**COLLECTED MATERIAL**
::::::

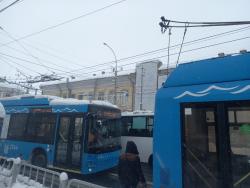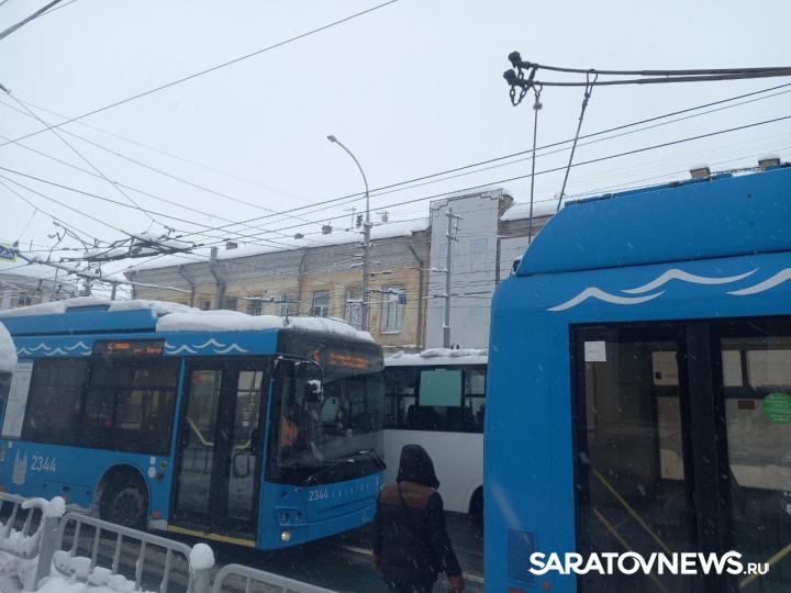 По этой причине автобусы из Энгельса объезжают троллейбусы, двигаясь по встречной полосе. Люди выходят в сугробы снега. Один автобус перегородил ул.Московскую. Скорой помощи, ехавшей в сторону Волги, пришлось включать сирену, чтобы ей уступили дорогу.
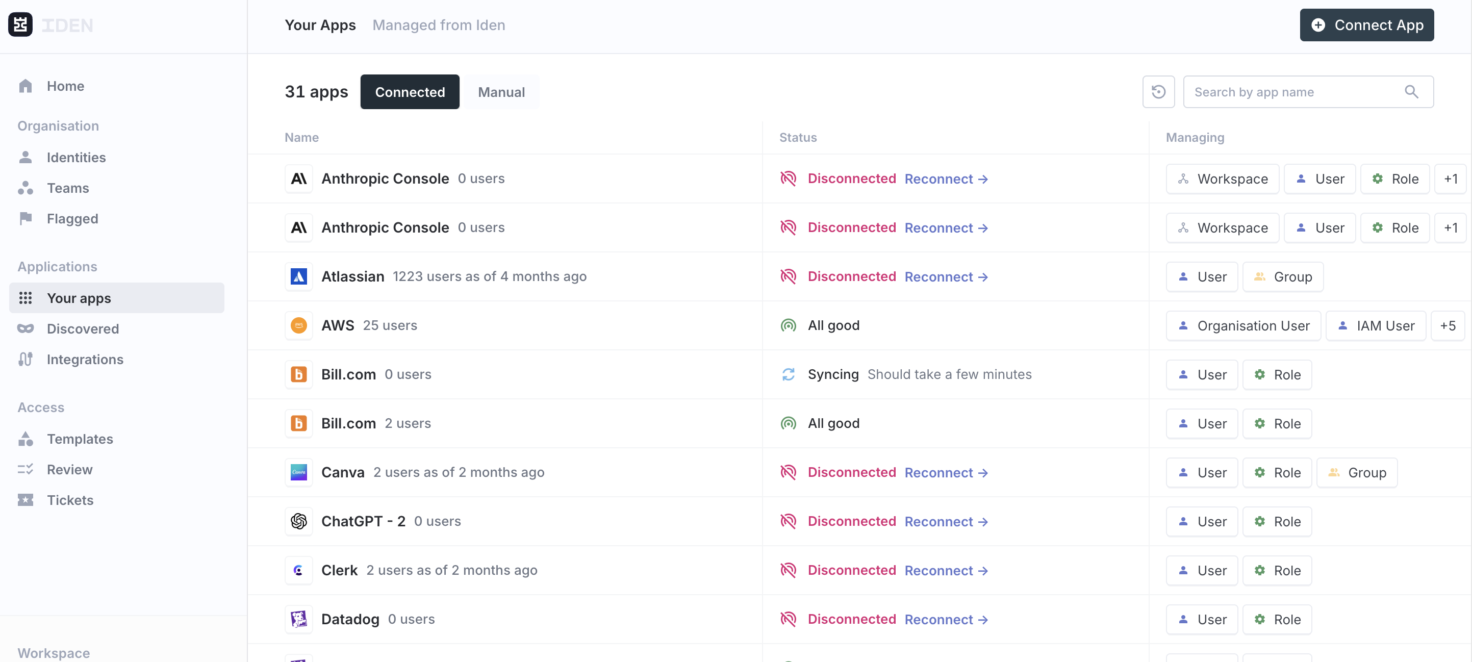 This guide walks you through connecting an application to Iden for the first time. Once connected, Iden will automatically sync (copy and keep up to date) the users and their permissions from that app. You will then be able to run access reviews and manage who has access - all from one place.
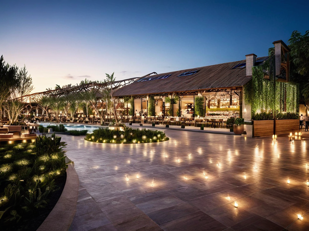 food hall, amazing garden, same construction materials, same facade, amazing terrace, sunset
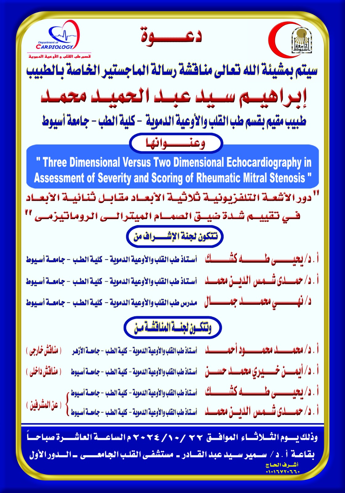 مناقشة رسالة الماجستير الخاصة بالطبيب / إبراهيم سيد عبد الحميد محمد - طبيب مقيم بقسم طب القلب و الأوعية الدموية - كلية الطب - جامعة أسيوط

::::::

**WHAT THE TASK ASKS**
Your reply should hold only the lines running from the one with "food hall, amazing" to the end of the data above, set down exactly, pictures omitted.

**OUTPUT FOR THIS TASK**
 food hall, amazing garden, same construction materials, same facade, amazing terrace, sunset
 مناقشة رسالة الماجستير الخاصة بالطبيب / إبراهيم سيد عبد الحميد محمد - طبيب مقيم بقسم طب القلب و الأوعية الدموية - كلية الطب - جامعة أسيوط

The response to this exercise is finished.